→ **PROBLEM TO WORK ON**
Begin at the line containing "05月09日,中国外运收报6" in the records below, end at the line containing "Badkar från Gustavsberg", and retype each line in that span exactly. No other line and no image should appear.

→ **RECORDS TO USE**
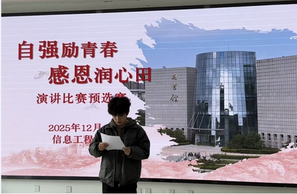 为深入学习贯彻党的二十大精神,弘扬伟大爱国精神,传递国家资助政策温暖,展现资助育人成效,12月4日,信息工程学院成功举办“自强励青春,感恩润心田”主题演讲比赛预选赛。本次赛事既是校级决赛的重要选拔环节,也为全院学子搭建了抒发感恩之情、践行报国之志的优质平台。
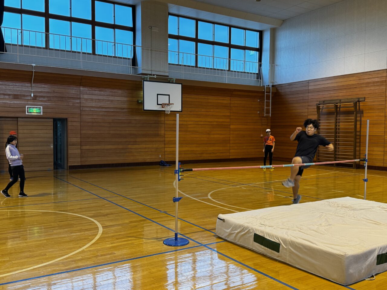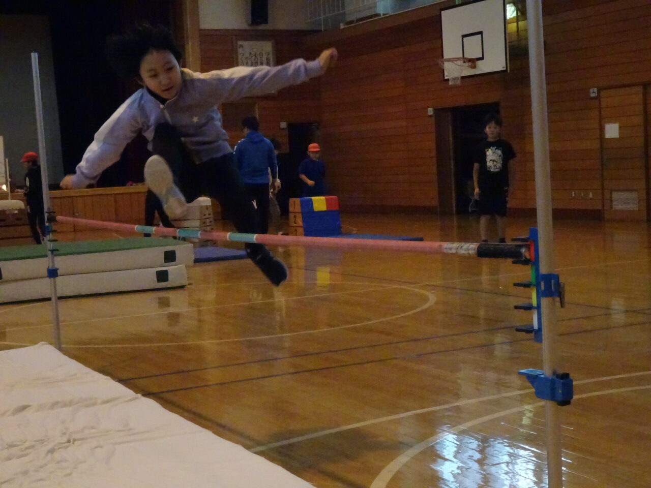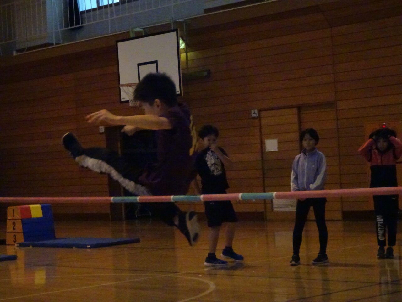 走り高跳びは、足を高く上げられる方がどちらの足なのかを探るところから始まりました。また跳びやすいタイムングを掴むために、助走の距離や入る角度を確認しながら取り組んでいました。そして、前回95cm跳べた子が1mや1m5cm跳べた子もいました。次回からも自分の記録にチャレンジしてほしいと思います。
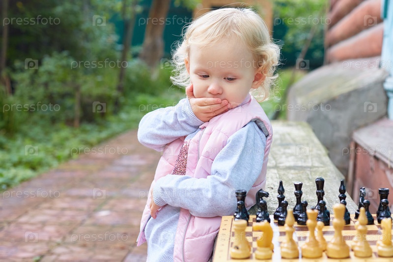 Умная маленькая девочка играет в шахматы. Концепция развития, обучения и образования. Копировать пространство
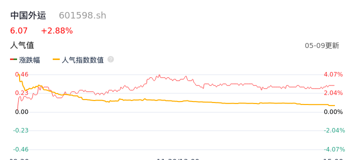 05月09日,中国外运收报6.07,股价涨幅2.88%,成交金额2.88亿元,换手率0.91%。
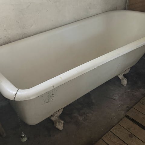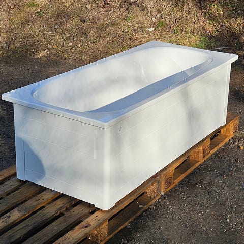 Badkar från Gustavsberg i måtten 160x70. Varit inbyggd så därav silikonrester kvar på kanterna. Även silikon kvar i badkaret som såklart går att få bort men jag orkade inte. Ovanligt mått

...

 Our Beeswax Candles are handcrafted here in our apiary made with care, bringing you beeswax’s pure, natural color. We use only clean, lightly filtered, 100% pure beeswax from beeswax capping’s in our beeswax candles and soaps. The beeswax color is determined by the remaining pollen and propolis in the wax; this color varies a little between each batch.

---

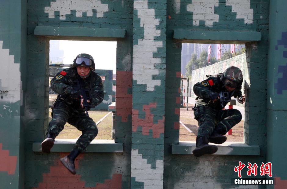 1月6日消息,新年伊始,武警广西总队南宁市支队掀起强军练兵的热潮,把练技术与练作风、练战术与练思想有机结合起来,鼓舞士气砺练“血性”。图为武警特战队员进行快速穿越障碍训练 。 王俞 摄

→ **ANSWER AREA**
 05月09日,中国外运收报6.07,股价涨幅2.88%,成交金额2.88亿元,换手率0.91%。
 Badkar från Gustavsberg i måtten 160x70. Varit inbyggd så därav silikonrester kvar på kanterna. Även silikon kvar i badkaret som såklart går att få bort men jag orkade inte. Ovanligt mått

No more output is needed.